The Most Dangerous Lie Salespeople Tell Themselves

Salespeople—like all other groups of people—lie to themselves. You can call it rationalizing, if it makes you feel better. The long and short of the matter is, we want to believe things that simply aren’t true.

Advisory Warning: This is going to hurt. A lot! If you have no interest in facing the truth, please be advised and point your web browser in a safer direction.

I Lost On Price

The most dangerous lie that salespeople tell themselves (and anybody else who will listen) is that they lost the opportunity with their dream client on price.

The reason we tell ourselves this lie is that it absolves us completely of any and all responsibility. It says: “I did everything I could as a salesperson, and the only reason I didn’t win the deal was completely and totally out of my control.”

None of this is true.

You Didn’t Lose on Price

You did not lose on price. It is hard to take, but when you lose on price, it means that you failed to create enough value to prove that you were worth paying more for.
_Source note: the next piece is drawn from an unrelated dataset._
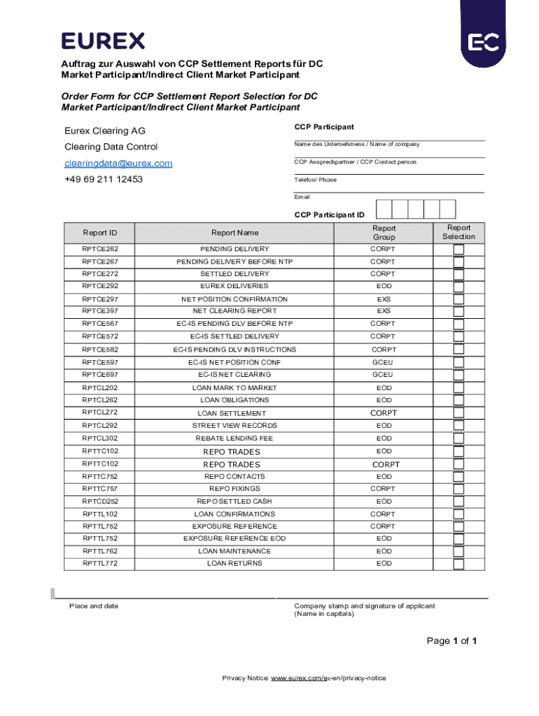 EUREXAuftrag our Usual on CCP Settlement Reports for DC

Your dream client is willing to pay more in price for a reduction in overall cost. This means that you have to use all of your differentiators to create enough value that even though your price may be higher, your results in fact generate a greater return for your dream client.

This is never easy to do. It is especially difficult in tough economic times when decisions are heavily weighted towards the lowest price. Even when you can prove a higher return on investment some opportunities are just damn hard to win. Even when you have done everything right, you will still lose, and you will still hear your dream client say something like: “Your competitor had a lower price.” When you hear this, it means is that you did not differentiate yourself enough to shift the decision-making to criteria outside of price and you did not prove that your higher price results in a lower cost by producing a greater return on your dream client’s investment.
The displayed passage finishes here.